** Data for review follows **

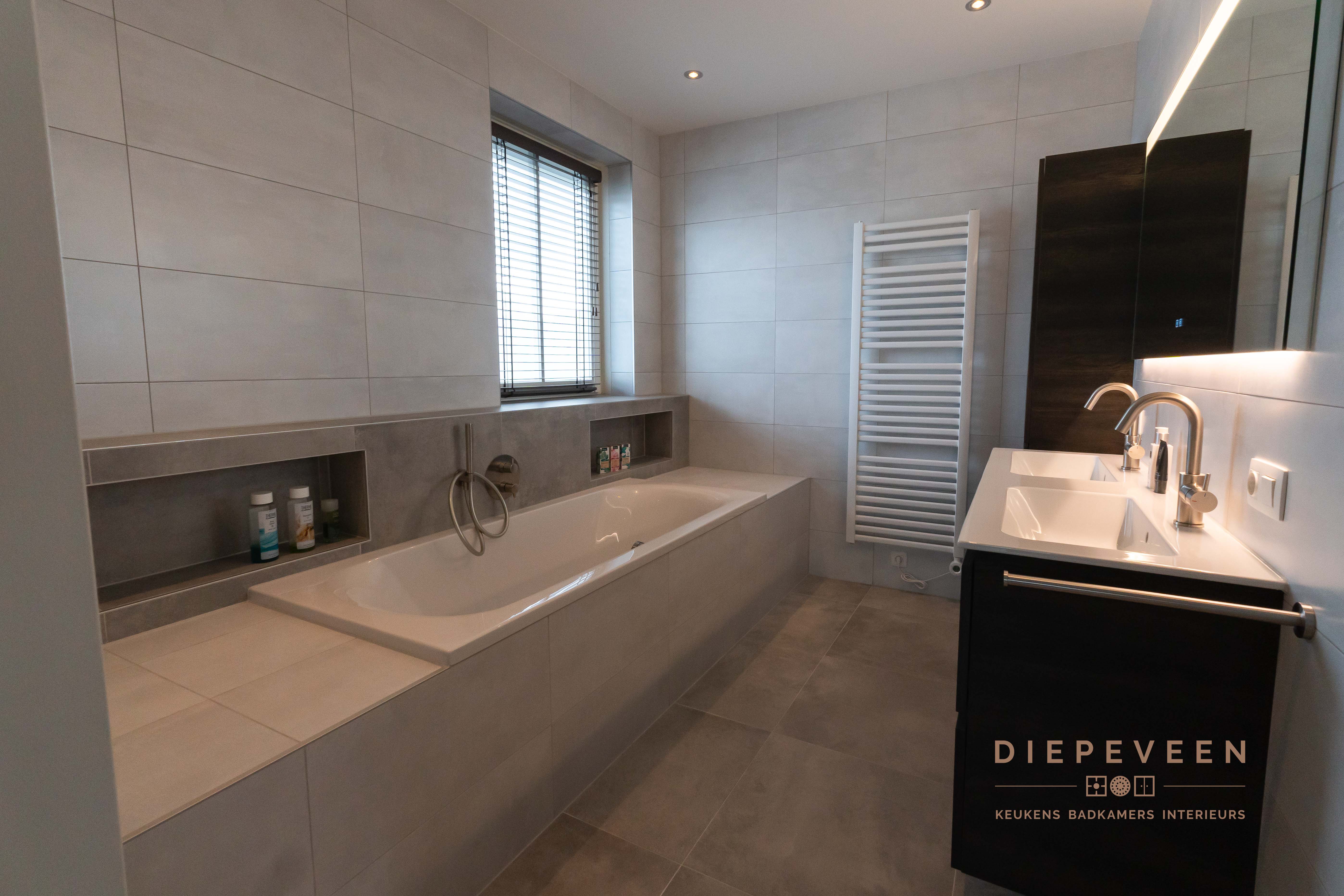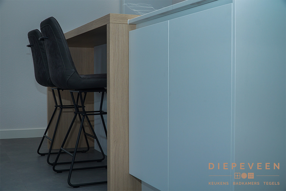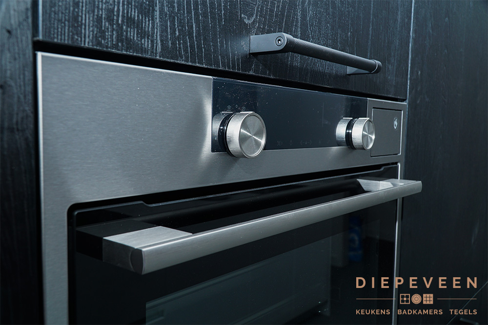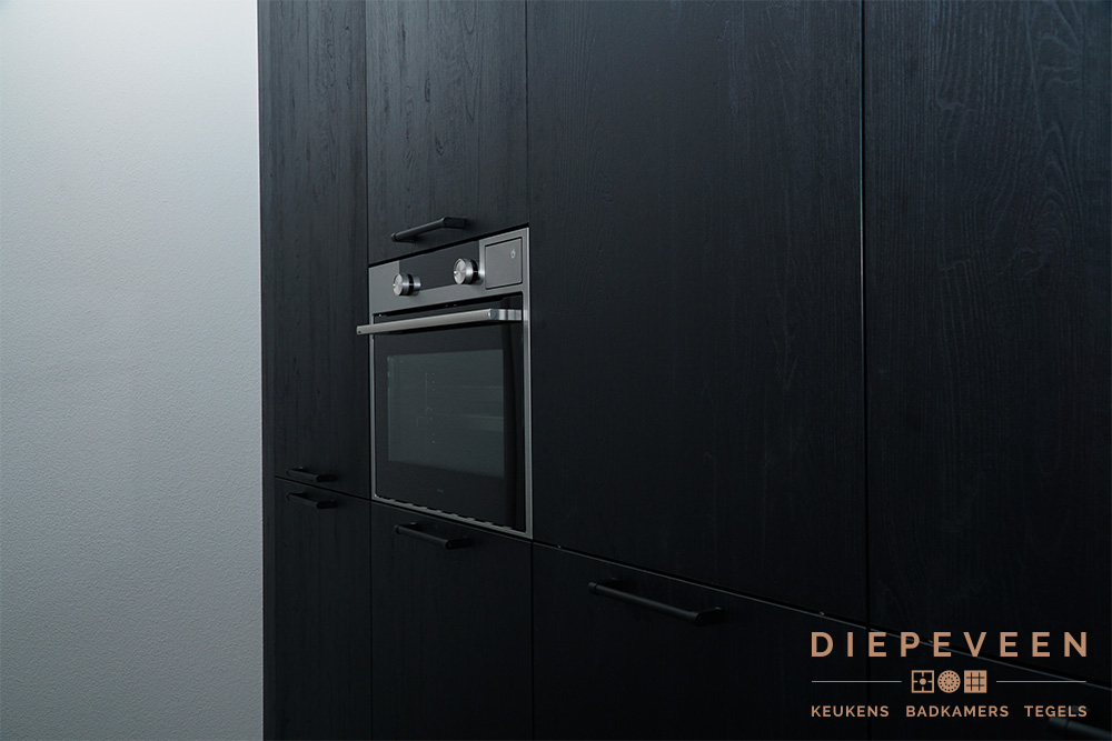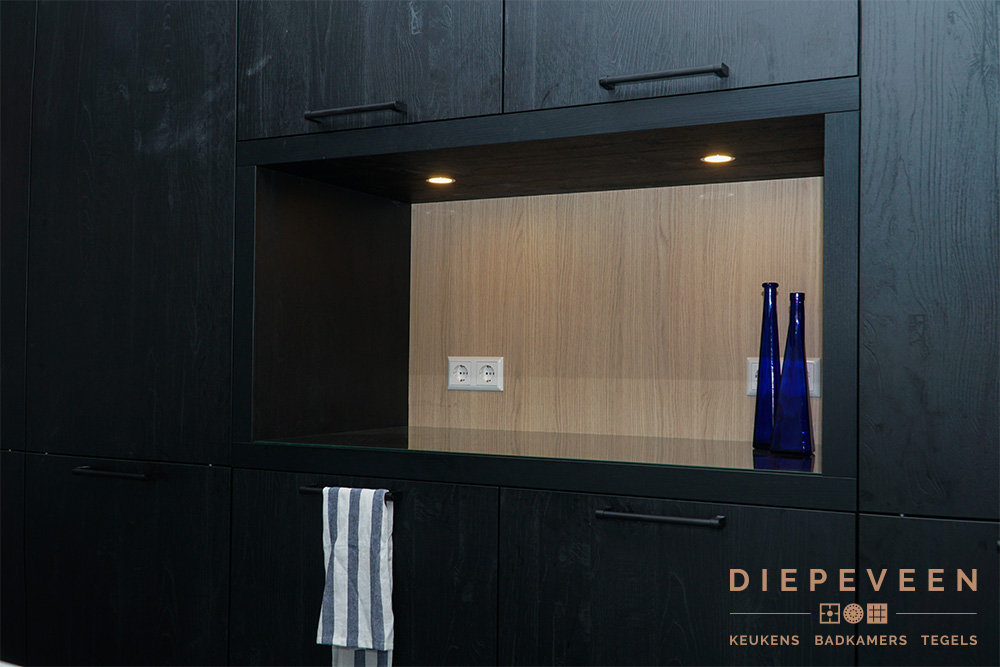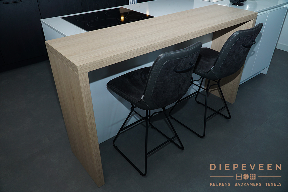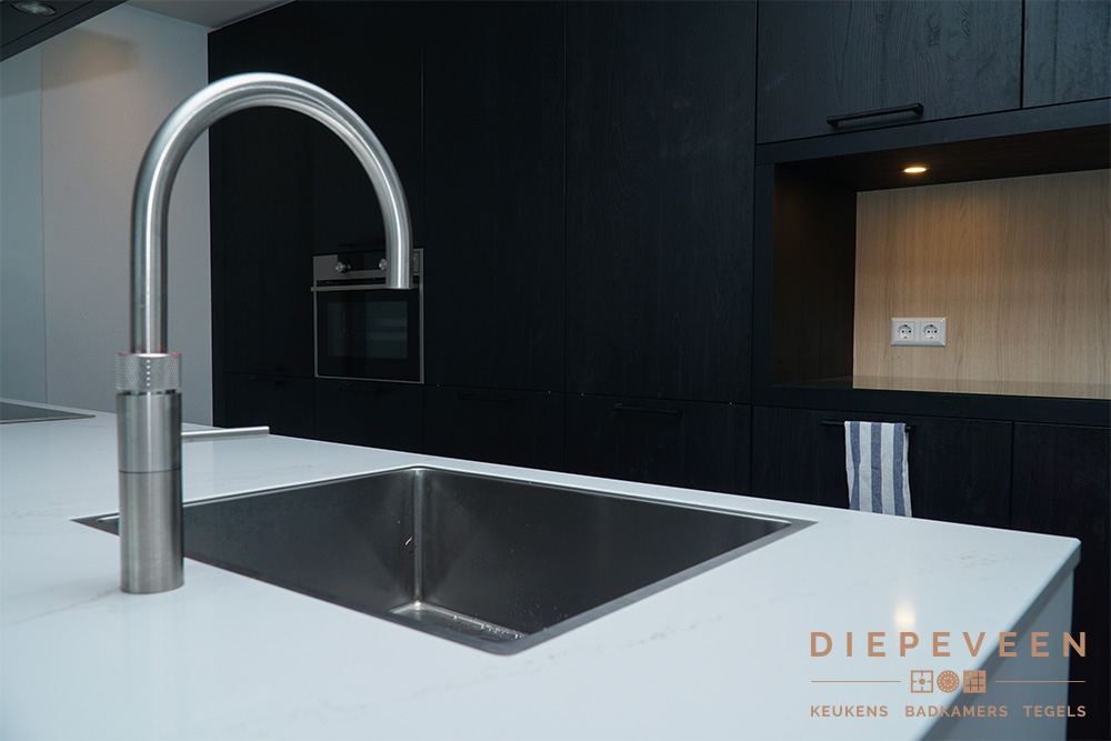Een prachtige moderne leefkeuken. Prachtig gecombineerd met de zwarte hoge kasten.
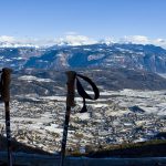 Nach ca. 1,5 Stunden kommen wir an einem wunderschönen Aussichtspunkt vorbei. Hier sieht man weit über das Überetsch hinaus. Direkt unter uns liegt die Marktgemeinde Kaltern mit St. Anton und St. Nikolaus. Rechts davon sehen wir den noch nicht zugefrorenen Kalterer See mit der darüber thronenden Leuchtenburg, links davon Eppan und dahinter die Alpenstadt Bozen.
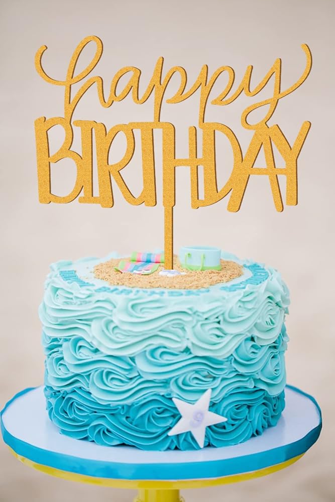 غلاف كعكة عيد ميلاد سعيد من MRAPPY - لوازم تزيين الكيك الخشبية لعيد الميلاد السعيد لدعائم كشك الصور (ذهبي)
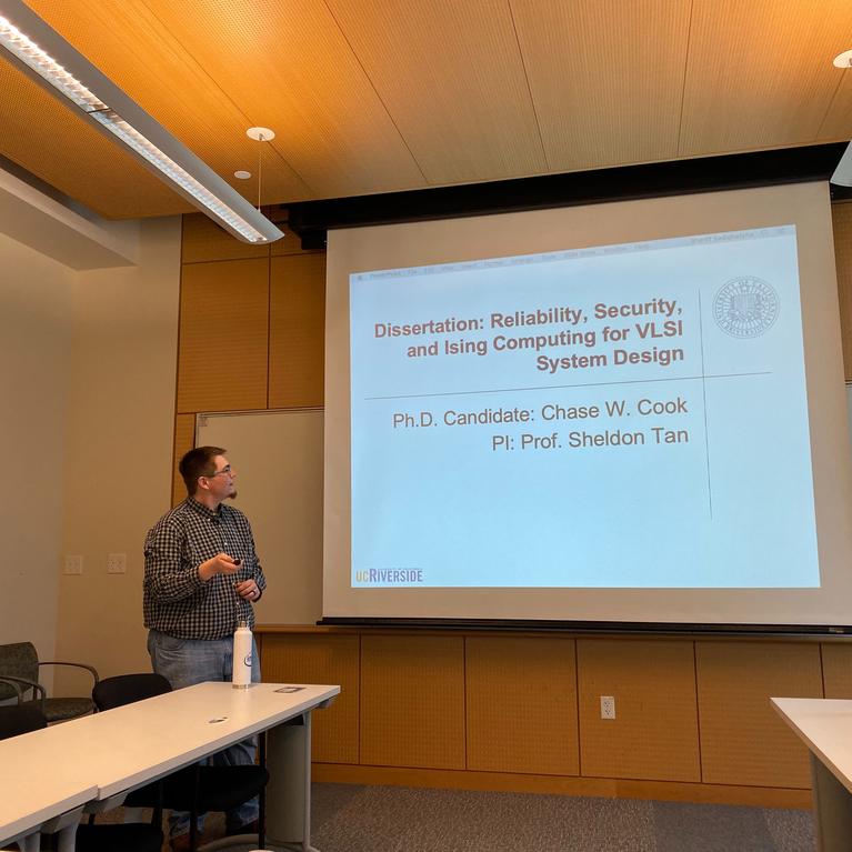 Ph.D. student Chase Cook successfully defended his Ph.D. thesis titled "Simulation for Reliability, Hardware Security, and Ising Computing in VLSI Chip Design". Chase will join Intel Corporation after graduation. Congratulation on his hard works and successful defenses and we wish him the best in his feature endeavor.
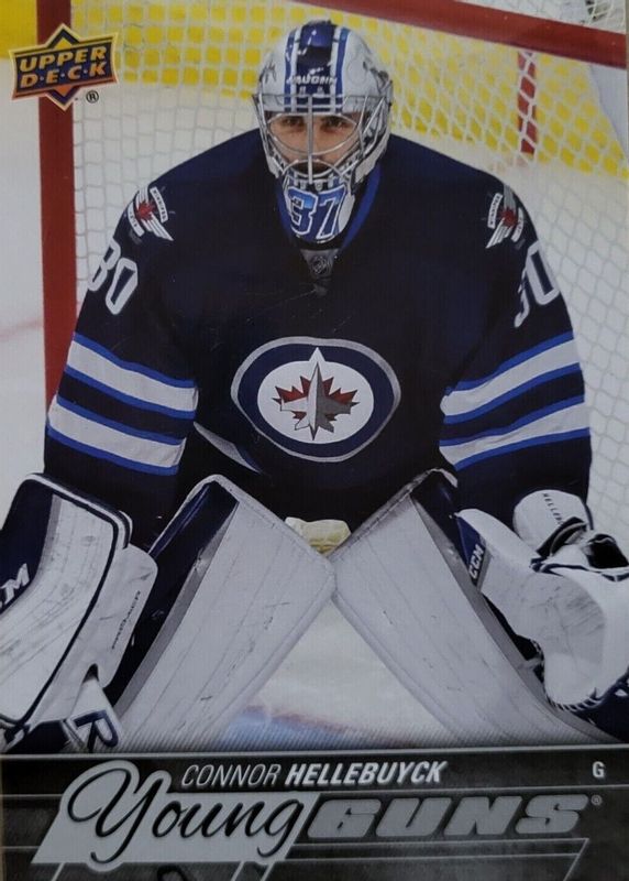 The Connor Hellebuyck 2015 Upper Deck #214 Young Guns - Jumbo Rookie card in Raw condition has not changed in price in the last 30 days and was last sold for $1.37 .
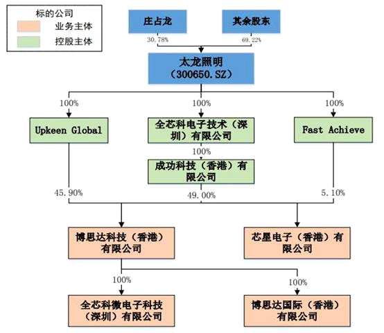 早在5月份,太龍照明發(fā)布公告稱,擬以支付現(xiàn)金方式收購(gòu)全芯科、Upkeen Global和Fast Achieve的100%股權(quán),本次交易標(biāo)的持有的主要資產(chǎn)為博思達(dá)科技(香港)有限公司和芯星電子(香港)有限公司的100%股權(quán)。

** End of Data for review **

### Task item
Only the lines from the one containing "غلاف كعكة عيد" to the end of the listing belong in the answer, exactly as they stand and with no pictures.

### Task answer
 غلاف كعكة عيد ميلاد سعيد من MRAPPY - لوازم تزيين الكيك الخشبية لعيد الميلاد السعيد لدعائم كشك الصور (ذهبي)
 Ph.D. student Chase Cook successfully defended his Ph.D. thesis titled "Simulation for Reliability, Hardware Security, and Ising Computing in VLSI Chip Design". Chase will join Intel Corporation after graduation. Congratulation on his hard works and successful defenses and we wish him the best in his feature endeavor.
 The Connor Hellebuyck 2015 Upper Deck #214 Young Guns - Jumbo Rookie card in Raw condition has not changed in price in the last 30 days and was last sold for $1.37 .
 早在5月份,太龍照明發(fā)布公告稱,擬以支付現(xiàn)金方式收購(gòu)全芯科、Upkeen Global和Fast Achieve的100%股權(quán),本次交易標(biāo)的持有的主要資產(chǎn)為博思達(dá)科技(香港)有限公司和芯星電子(香港)有限公司的100%股權(quán)。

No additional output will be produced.